An epistemic community is a network of professionals with recognized knowledge and skill in a particular issue-area. They share a set of beliefs, which provide a value-based foundation for the actions of members. Members of an epistemic community also share causal beliefs, which result from their analysis of practices that contribute to set of problems in their issue-area that then allow them to see the multiple links between policy and outcomes. Third, they share notions of validity, or internationally defined criteria for validating knowledge in their area of know-how. However, the members are from all different professions. Epistemic communities also have a common set of practices associated with a set of problems towards which their professional knowledge is directed, because of the belief that human welfare will benefit as a result. Communities evolve independently and without influence of authority or government. They do not have to be large; some are made up of only a few members. Even non-members can have an influence on epistemic communities. However, if the community loses consensus, then its authority decreases.

==Definition==
The definitive conceptual framework of an epistemic community is widely accepted as that of Peter M. Haas. He describes them as
"...a network of professionals with recognised expertise and competence in a particular domain and an authoritative claim to policy relevant knowledge within that domain or issue-area."

As discussed Haas's definitive text, an epistemic community is made up of a diverse range of academic and professional experts, who are allied on the basis of four unifying characteristics:

1. a shared set of normative and principled beliefs which provide a value-based rationale for the social action of community members;
2. shared causal beliefs which are derived from their analysis of practices leading or contributing to a central set of problems in their domain and which then serve as the basis for elucidating the multiple linkages between possible policy actions and desired outcomes;
3. shared notions of validity, i.e. intersubjective, internally defined criteria for weighing and validating knowledge in the domain of their expertise; and
4. a common policy enterprise, or a set of common practices associated with a set of problems to which their professional competence is directed, presumably out of the conviction that human welfare will be enhanced as a consequence.

Thus, when viewed as an epistemic community, the overall enterprise of the expert members emerges as the product of a combination of shared beliefs and more subtle conformity pressures, rather than a direct drive for concurrence (Michael J. Mazarr). Epistemic communities also have a "normative component" meaning the end goal is always for the betterment of society, rather than self gain of the community itself (Peter M. Haas).

Most researchers carefully distinguish between epistemic forms of community and "real" or "bodily" community which consists of people sharing risk, especially bodily risk. It is also problematic to draw the line between modern ideas and more ancient ones, for example, Joseph Campbell's concept of myth from cultural anthropology, and Carl Jung's concept of archetype in psychology. Some consider forming an epistemic community a deep human need, and ultimately a mythical or even religious obligation. Among these very notably are E. O. Wilson, as well as Ellen Dissanayake, an American historian of aesthetics who famously argued that almost all of our broadly shared conceptual metaphors centre on one basic idea of safety: that of "home".
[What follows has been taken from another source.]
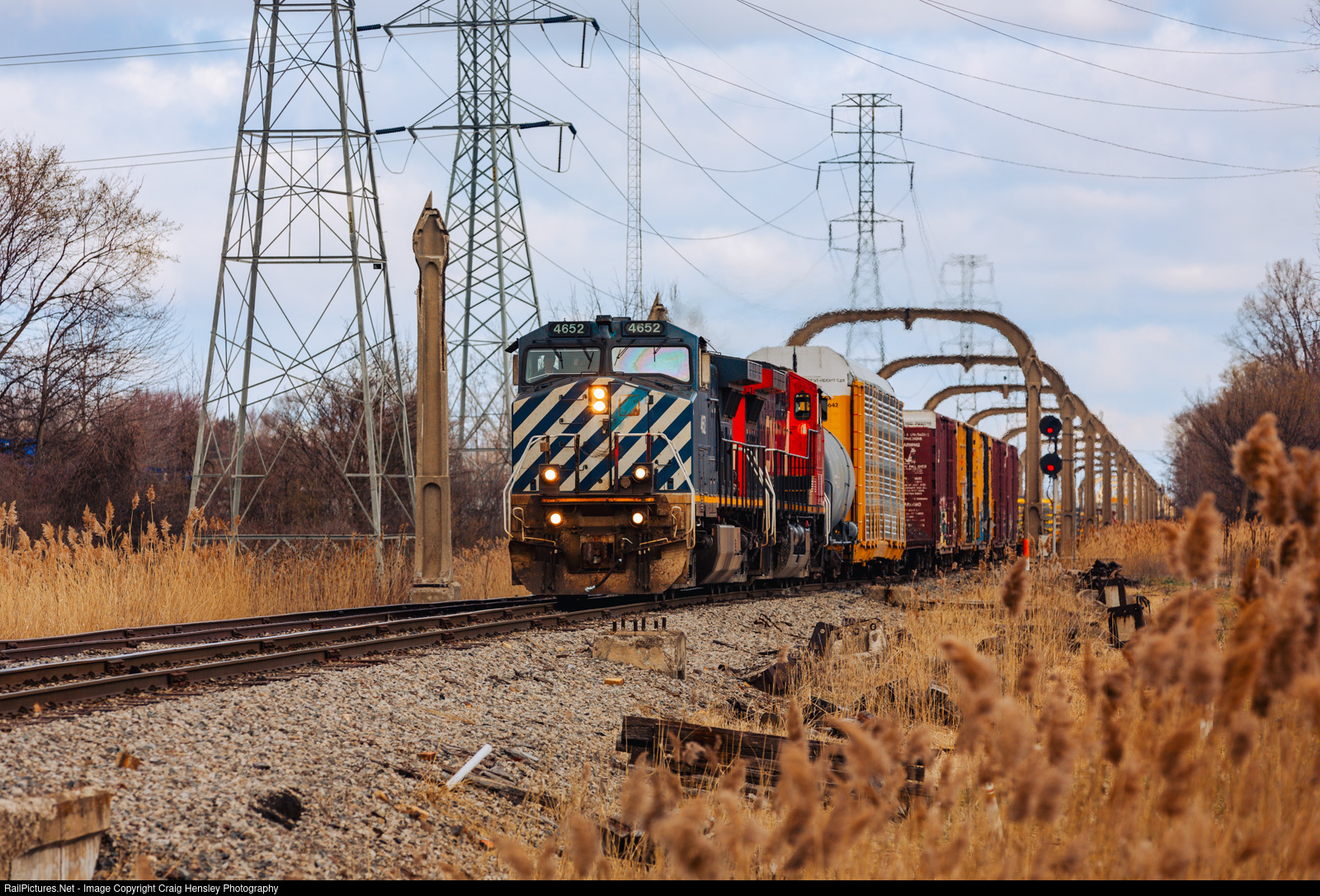 | BCOL 4652 in the blue scheme leads interchange train L572 from Norfolk Southern's Oakwood yard in Melvindale, MI through the arches and over the Penford diamond as they head back to CN's Flat Rock Terminal in Flat Rock, MI. |

From this view, an epistemic community may be seen as a group of people who do not have any specific history together, but search for a common idea of home as if forming an intentional community. For example, an epistemic community can be found in a network of professionals from a wide variety of disciplines and backgrounds.

Although the members of an epistemic community may originate from a variety of academic or professional backgrounds, they are linked by a set of unifying characteristics for the promotion of collective amelioration and not collective gain. This is termed their "normative component". In the big picture, epistemic communities are socio-psychological entities that create and justify knowledge. Such communities can constitute of only two persons and yet gain an important role in building knowledge on any specific subject. Miika Vähämaa has recently suggested that epistemic communities consist of persons being able to understand, discuss and gain self-esteem concerning the matters being discussed.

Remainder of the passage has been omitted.